One of the first things Jones did as president was to create a corporate purpose statement for Butler/Till, “Create Connections. Make a Difference.” “After gaining insight from every employee as to what Butler/Till means to them and how we impact those we serve, the leadership team locked ourselves in a room until we had a draft of the purpose statement,” explained Jones. “We knew we had landed on something good when after a few weeks of sitting with it, we didn’t want to change a thing.” This purpose statement serves as a compass that has guided Jones through her first three years as president.

Tackling a Major Acquisition
Notably, during Jones’ first year as president, in addition to the leadership transition and the new ownership structure, Butler/Till also completed its first major acquisition, buying Brand Cool, another Rochester-based marketing agency that focuses on energy and sustainability. It was a lot to juggle.

“When you list all of those transitions,” acknowledged Jones, “it does sound like a lot. But these were all exciting opportunities for Butler/Till, aligned with our purpose and values. Because we were clear about our purpose, we found ways to rise to the challenges and make it work.” Rising to challenges is something Jones has experience with, having earned her MBA while working full time and raising two children.

Because we were clear about our purpose, we found ways to rise to the challenges and make it work.

Jones recalls, “When Butler/Till was presented with a unique opportunity to acquire Brand Cool, our first reaction was, ‘There’s no way we can do this,’ followed quickly by ‘but it’s a perfect fit, so let’s figure it out.’ ” Brand Cool’s focus on sustainability was a mission fit for Butler/Till. And Brand Cool was also a B Corp and a N.Y. state benefit corporation. When Brand Cool became a wholly owned subsidiary of Butler/Till in June 2015, the companies merged more than their operations; they merged their innovative ownership and governance structures as well. The employees at Brand Cool became members of Butler/Till’s ESOP, and Butler/Till became a certified B Corporation. Since then, the firm has consistently scored, Best for the World (in the top 10 percent) for the “worker” category, in the annual list that B Lab prepares.

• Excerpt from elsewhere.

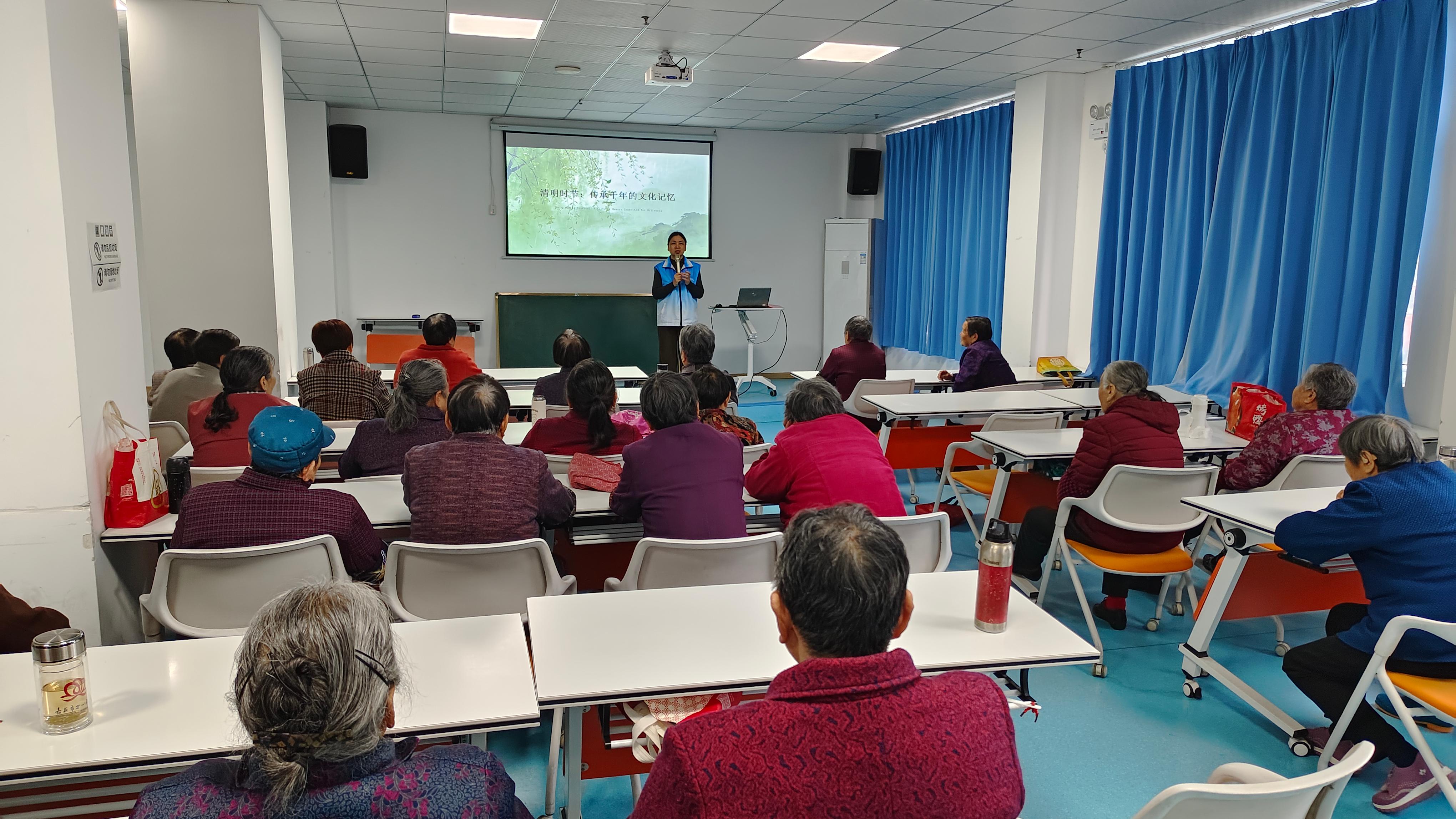 活动现场工作人员围绕清明节的文化内涵,向在场老人们娓娓道来节日的由来与习俗。从“万物生长此时,皆清洁而明净,故谓之清明”的节气释义,到踏青、插柳、扫墓祭祖的传统习俗,再到流传千古的清明诗句,结合杜牧《清明》、吴惟信《苏堤清明即事》等经典诗作,带领老人们重温清明文化,感受传统节日的独特韵味,让“慎终追远、敦亲睦族”的文化精神深入人心。

Ownership design proved a facilitating structure to support moral leadership and a caring culture.

The decision to acquire Brand Cool has paid off for Butler/Till and for Brand Cool. Brand Cool, citing revenue growth of 120 percent and a doubling of personnel, opened a new office in San Francisco in late 2017. Butler/Till is growing too, with revenues up 33 percent and personnel growth up 37 percent. But the number that Jones is most proud of is Butler/Till’s 7 percent turnover rate, much lower than the industry average of 25 percent. “We are proud that we create meaningful and rewarding work and that talented people want to spend their whole career with us.”

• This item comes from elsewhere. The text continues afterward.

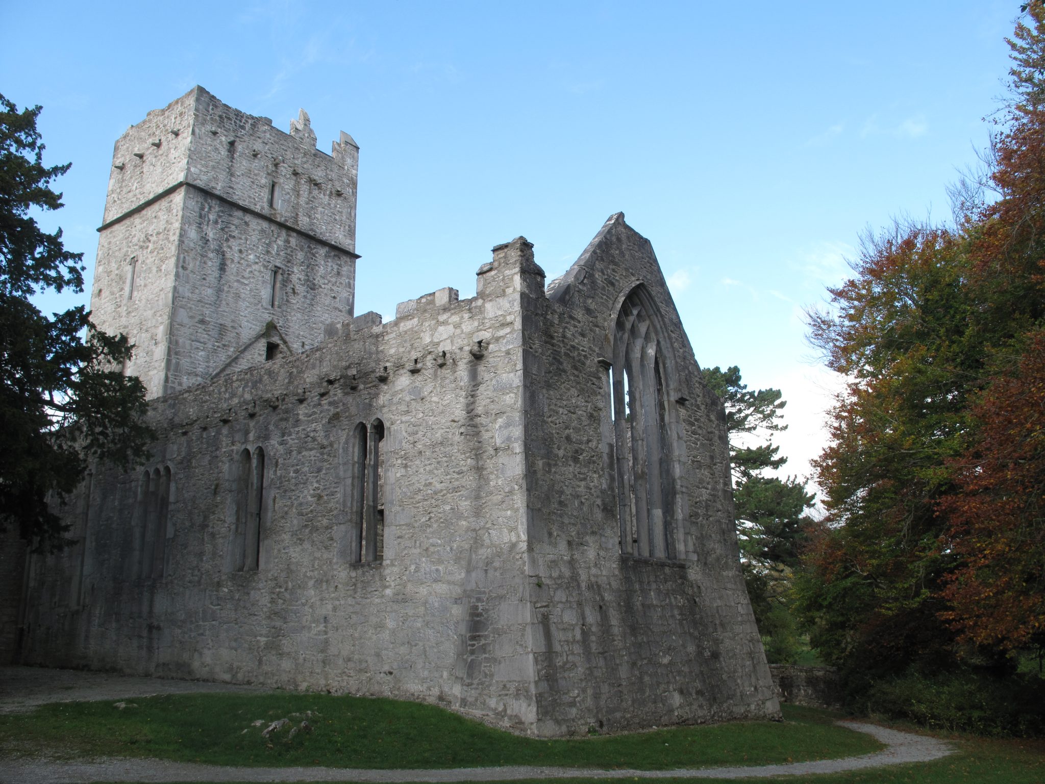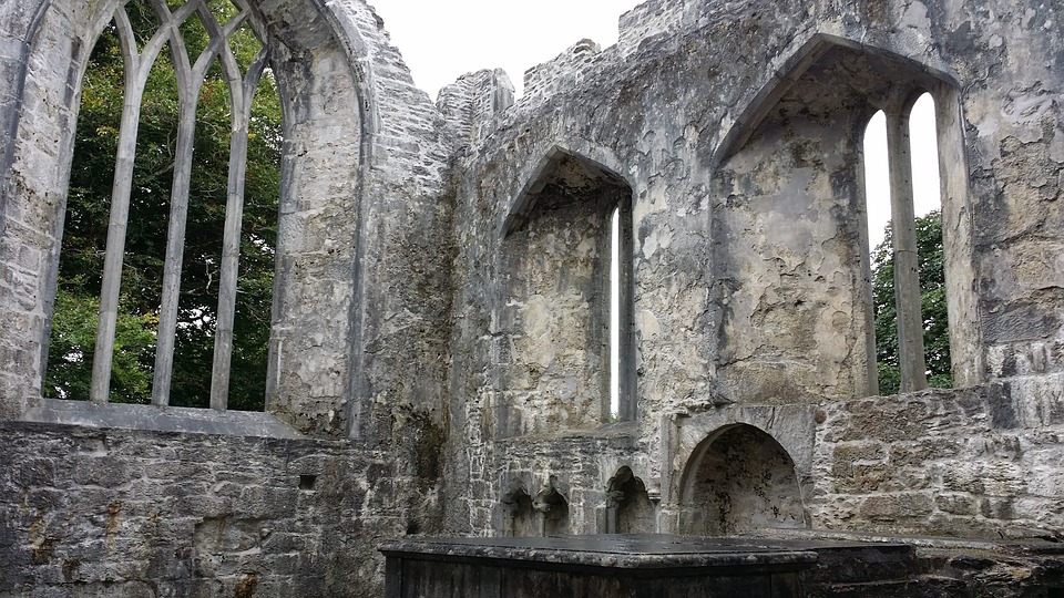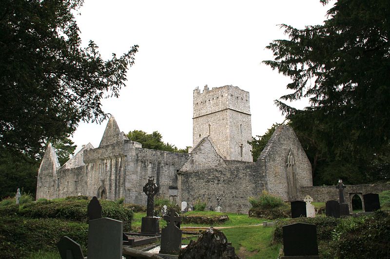 Irrelagh的方济各会修道院,现在被称为Muckross Abbey,是由Daniel McCarthy Mor于1448年为Observatine Franciscans成立的。尽管修道院在克伦威尔时代解散,但至少间歇性地在修道院仍在占领马克罗斯。现在保存完好的遗址包括一座宽阔的方形塔楼和精致的窗户,以及一个拱形回廊,拱形拱门围绕着一个方形庭院。在庭院中间长出一棵古老的紫杉树,传统上说它和修道院一样古老。Muckross修道院是当地酋长的埋葬地,在17和18世纪,三位盖尔诗人Geoffrey O’Donoghue,Aodhagan O’Rathaille和Eoghan Rua O’Suilleabhain。修道院周围地区的墓地仍在使用,每年都有许多墓葬。

Design Lesson: Ownership is a Critical Part of Leadership Transition
When Sue Butler and Tracy Till decided to sell their business, they understood that good leadership was essential for a smooth transition that would preserve their culture. But they also understood that leadership alone could not guarantee that their unique business culture would thrive. Their employees, who created the business value and benefited from the culture, they realized, were the best insurance to protect that legacy. At Butler/Till, like many of the businesses profiled in Fifty by Fifty’s research on “Next Generation Enterprise Design,” ownership design proved a facilitating structure to support moral leadership and a caring culture. With the foundation of a secure ownership structure and a clear purpose, Jones has led a smooth transition and taken Butler/Till to new heights of success.

Sarah Stranahan is senior editorial associate at The Democracy Collaborative and a leading member of its Fifty by Fifty employee ownership team.